Zip and LZMA (7zip) encode data in much the same way with the only difference that LZMA uses arithmetic coding (or range coding) rather than huffman coding. Both use LZ77, an encoding scheme that uses distance-length pairs to reference sequences earlier in the stream.

For example, if we wanted to encode:

to be or not to be.

We could send instead.

to be or not [12, 5].

Where the five characters (to be) twelve bytes ago can be stored as a single symbol.

We assign different numbers of bits to each symbol we send, so the letter ‘e’ which occurs frequently gets fewer bits as in morse code where it gets just a dot. Symbols which occur less frequently get more bits.

Zip always rounds the number of bits to a whole number called huffman coding. This is used in JPEG files and many other specialist coding formats.

LZMA is different, it can use a fractional number of bits to represent a code by using a binary fraction. This technique was known for many years but because of patent problems no one was able to use it in free sofware applications. Igor Pavlov circumvented the patent by using a slightly less efficient variation called range coding which was published before the arithmetic coding patent. Actually, the two are pretty much identical, as is using larger huffman codes to represent multiple symbols. LZMA also introduces some extra codes similar to “move to front” coding, more about MTF coding later, and uses an adaptive statistical model for the coding.

The odd-man-out is Bzip2 which uses the Burrows-Wheeler transform to sort all the substrings in the file into alphabetical order. So ‘hello’ becomes ‘ello’, ‘hello’, ‘llo’, ‘lo’,  ‘o’ for example, ie alphabetical order. Through a cunning property of this sorted list, we need to only store the character that comes before each substring to reconstruct the original sorted list an the locations of all the substrings, smart! Because these prefix characters are highly correlated, it is easy to compress them using the MTF coding we touched on earlier. This predicts the next character will have occured recently and if it is correct, uses fewer bits to encode the character.

Doing better

Now no one of these is necessarily better than the other. They are all quite naive schemes as they do not understand anything about the data they encode and have very simple statistical models.

We can enhance all of these in simple ways by knowing (or guessing) a little about the data we are compressing.

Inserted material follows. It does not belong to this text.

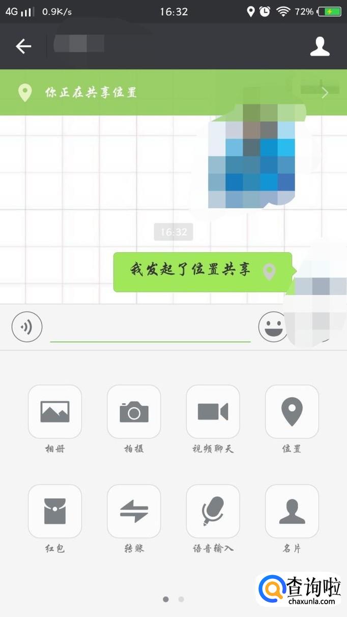 将微信调整到和需要位置共享的人的聊天界面。

An example lies in the PNG image format which uses Zip to encode RGB bytes to represent the color of an image pixel. The problem is that if we just Zipped the RGB bytes we would not get very good compression because Zip, LZMA and Bzip2 all rely on data being repeated in the data stream and the same color almost never occurs twice in an image.

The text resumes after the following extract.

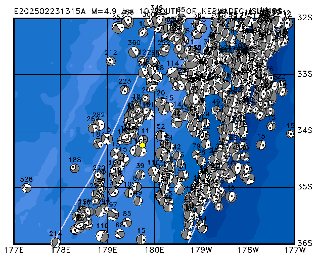 281 SOUTH OF KERMADEC ISLANDS SWEQ h= 10 M=4.9 E202502231315A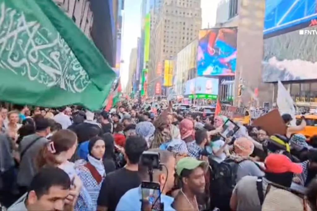 Anti-Israel protesters held up portraits of assassinated Hamas leader Ismail Haniyeh and waved pro-terror flags in a shocking demonstration in Times Square on Wednesday afternoon. The hate-filled crowd chanted “Free Palestine” and one protester held up a flag representing Hamas, while another held up a photo of Haniya. Anti-Israel protesters waved Hezbollah and Hamas flags […]

To improve this, the PNG file format uses the difference between the current color and the ones above and to the left. We know from images that the color only changes gradually and so we get very small numbers if we look at, say, the change in the red color component. Small number are good because they occur more fequently in the data and when we zip the result, we see an improvement in the data compression rate.

If this seems like magic, it is certainly not because the number of bits represents the difference between our model of the data, in this case our understanding of images, and the reality of the data. If we can predict what the data is going to look like, we can encode it in fewer bits. For example, suppose we encode a picture of a cross as a ‘1’ and a picture of a circle as a ‘2’ and anything else as RGB pixels, then if we see the cross then we can send the picture as a single byte.

Bioinformatics data

Bioinformatics data is screaming out for a better compression method than GZip, BZip2 or LZMA.

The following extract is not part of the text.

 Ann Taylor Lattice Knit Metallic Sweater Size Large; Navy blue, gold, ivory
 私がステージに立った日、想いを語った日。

For example, if I take an IDAT file from an illumina machine and GZip the data, I only get it down to 60% of its original size. This may seem good, but the data is highly regular, so with methods like the PNG technique we could do a lot better.

In the IDAT file, there are a number of arrays of four byte and two byte numbers. The four byte numbers represent the IDs of the samples and the two byte numbers represent the interesting quantities.

The IDs are easy to predict as they form a monatonic sequence where the numbers steadily increase. A simple method to predict these is to use differencing as in PNG and move-to-front as in BZip to predict the next number in the sequence. This technique could net us a considerable benefit in compressing these kinds of file.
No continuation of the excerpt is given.